(Work to complete): Print verbatim the lines from the beginning of the entries through the line containing "Производитель светильника рекомендует", both ends included. Pictures should be left out.

(Source data):

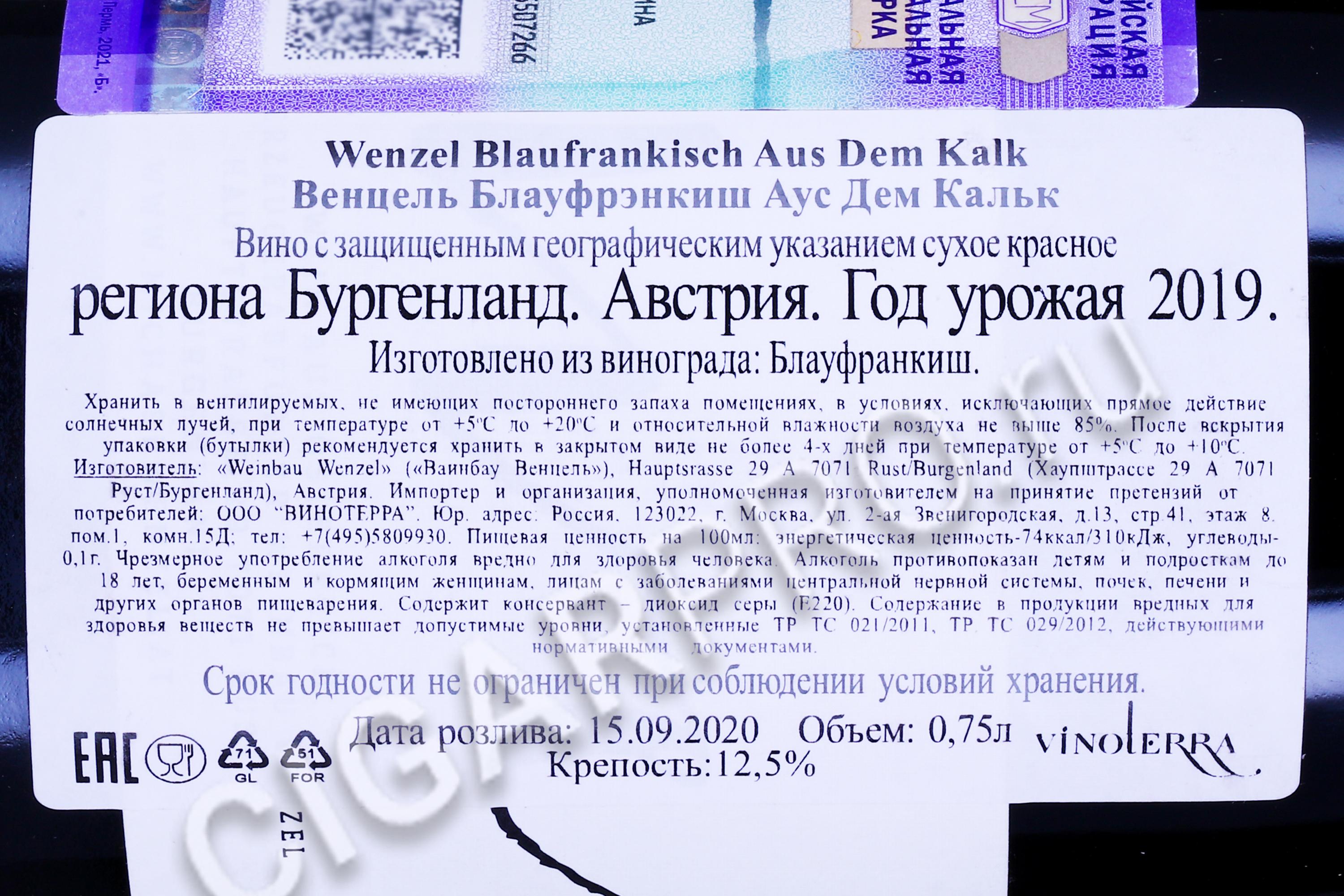 - Wenzel Blaufrankisch Aus dem Kalk Вино Венцель Блауфрэнкиш Аус Дем Кальк 0.75л
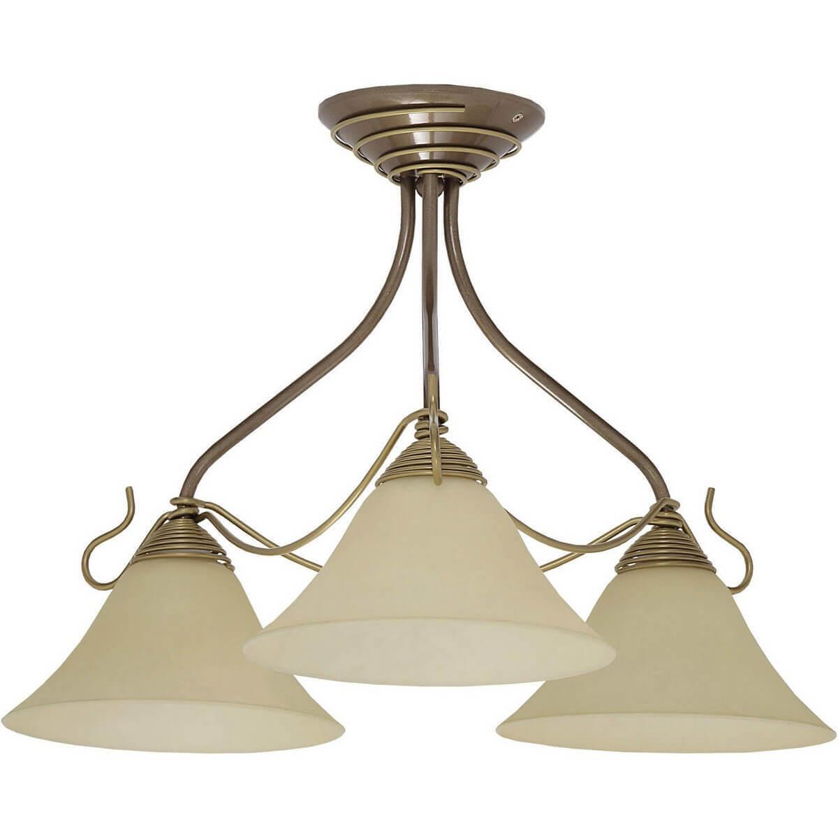 Производитель светильника рекомендует для устройства 3 лампы накаливания с цоколем E27 и мощностью 60 W, что позволит осветить помещение площадью 10 кв.м. Габариты изделия: высота – 420 мм, диаметр – 520 мм.
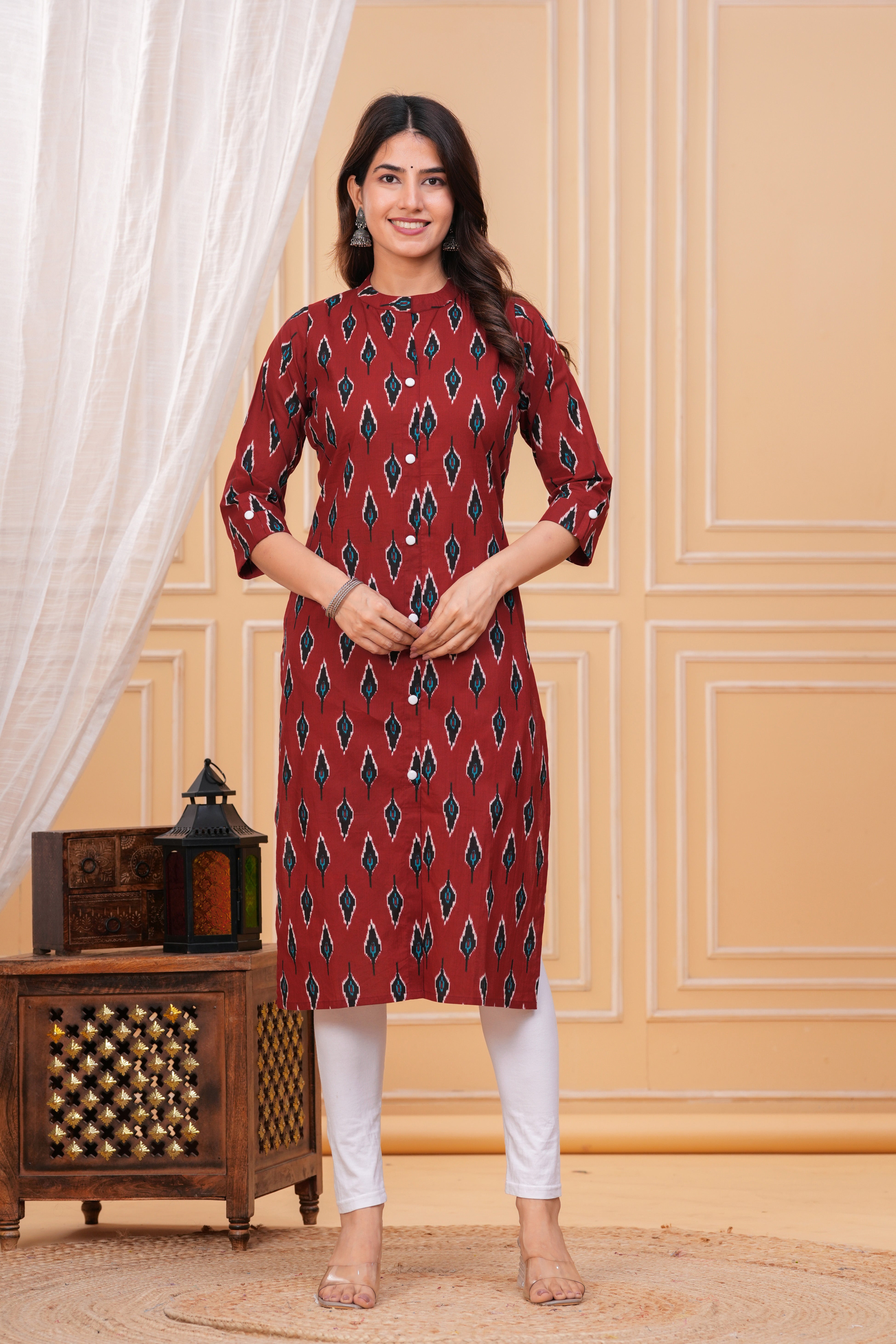 This elegant red Ikkat cotton long kurta for women. Crafted from breathable and skin-friendly pure cotton fabric, this kurta features a traditional Ikkat weave pattern that reflects timeless Indian artistry. The vibrant red base is beautifully balanced with subtle geometric motifs, making it ideal for both casual outings and festive occasions.
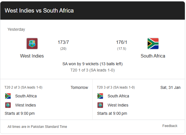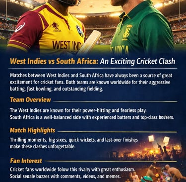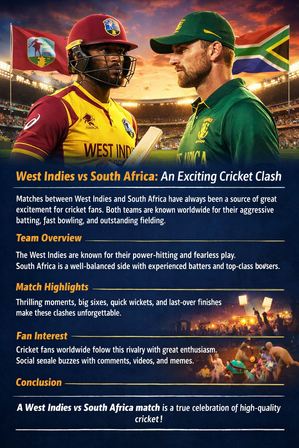 Experience the excitement as West Indies and South Africa face off in a thrilling cricket match. Witness power hitting, disciplined bowling, and strong competitive spirit from both teams, showcasing standout performances that kept fans on the edge of their seats. West Indies vs South Africa,
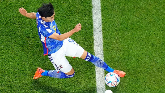▲ 라인 밖으로 나간 공을 살려내는 일본 국가대표 미토마
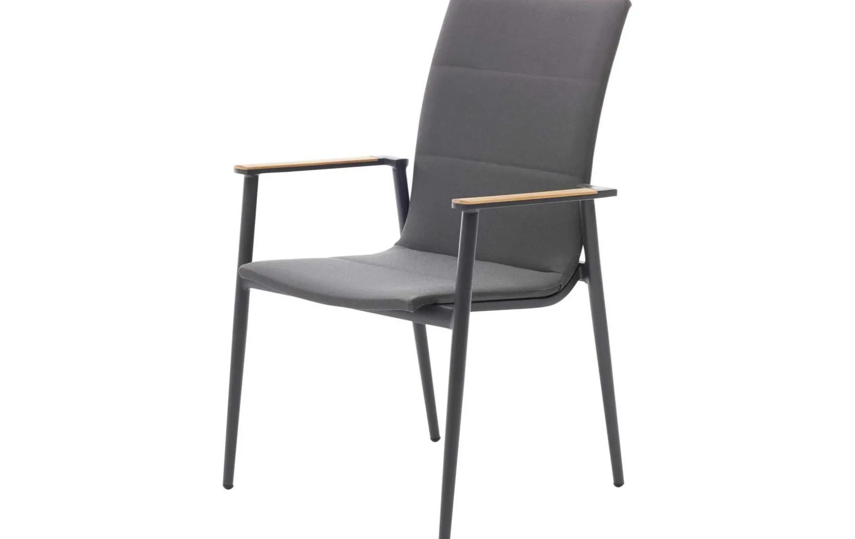 Dieser moderne Gartenstuhl vereint Komfort, Design und hochwertige Materialien in perfekter Harmonie. Die Sitz- und Rückenfläche aus Textilene in elegantem Grau sorgt für angenehmen Sitzkomfort und ist gleichzeitig pflegeleicht sowie strapazierfähig. Die stilvollen Armlehnen aus Teakholz setzen einen natürlichen Akzent und verleihen dem Stuhl eine warme, hochwertige Optik. Das stabile Gestell aus pulverbeschichtetem Aluminium in Anthrazit überzeugt durch seine Langlebigkeit, Korrosionsbeständigkeit und sein modernes Erscheinungsbild. Dadurch ist der Gartenstuhl ideal für Terrasse, Balkon oder Garten geeignet und fügt sich harmonisch in verschiedene Outdoor-Konzepte ein.
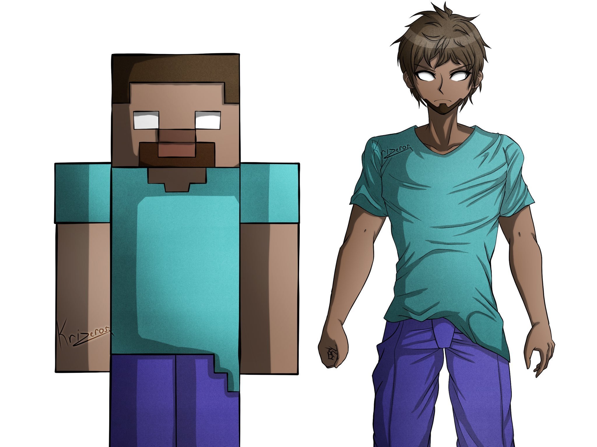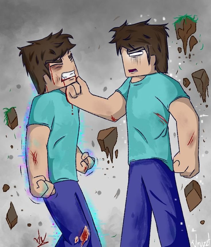 ![Майнкрафт арт ХЕРОБРИН И Стив]()
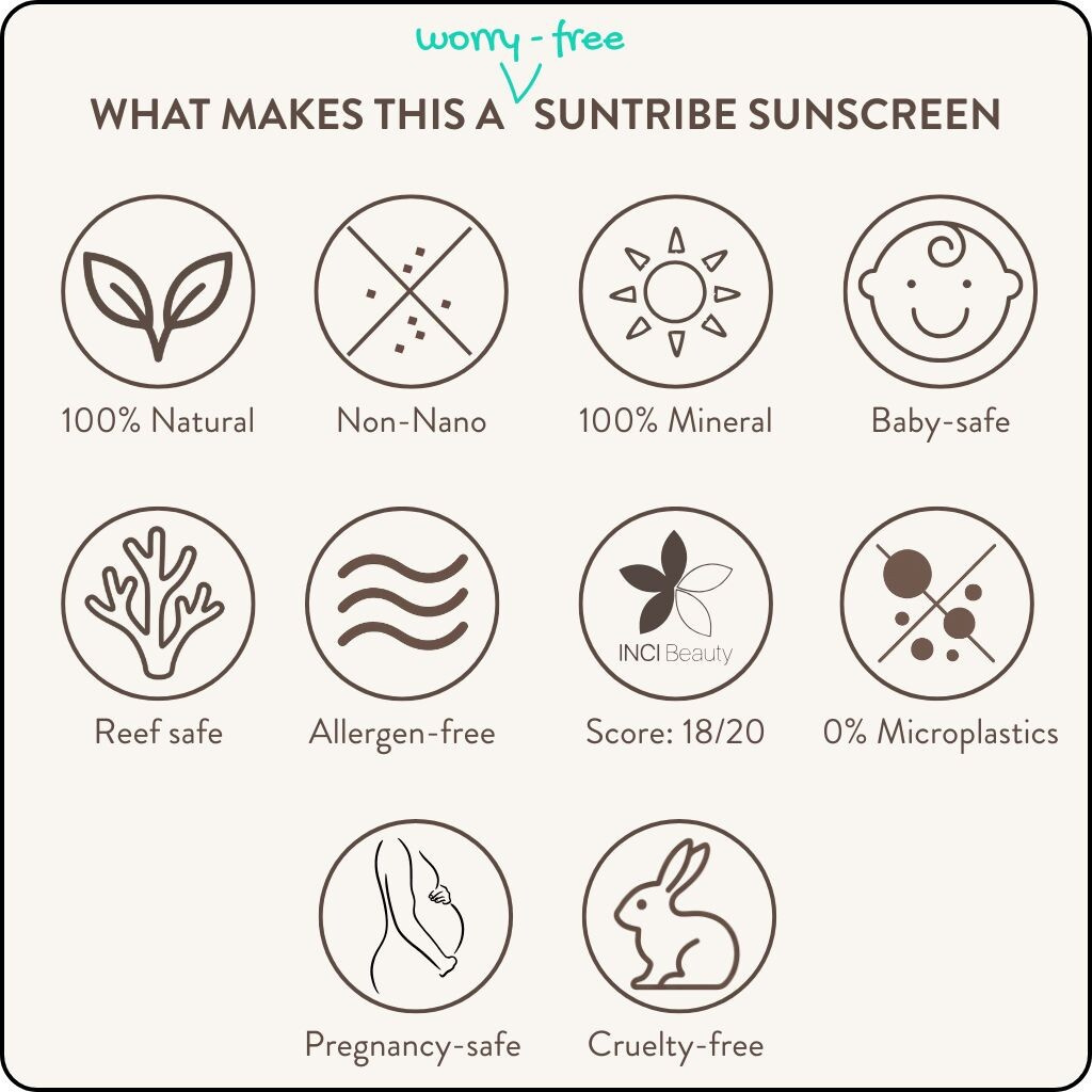 Opalovací krém obsahuje minerální UV filtr (non-nano částice oxidu zinečnatého), který je podle výzkumů nejbezpečnější UV filtr pro zdraví lidí, korálů a podmořského světa.

(Your solution):
 - Wenzel Blaufrankisch Aus dem Kalk Вино Венцель Блауфрэнкиш Аус Дем Кальк 0.75л
 Производитель светильника рекомендует для устройства 3 лампы накаливания с цоколем E27 и мощностью 60 W, что позволит осветить помещение площадью 10 кв.м. Габариты изделия: высота – 420 мм, диаметр – 520 мм.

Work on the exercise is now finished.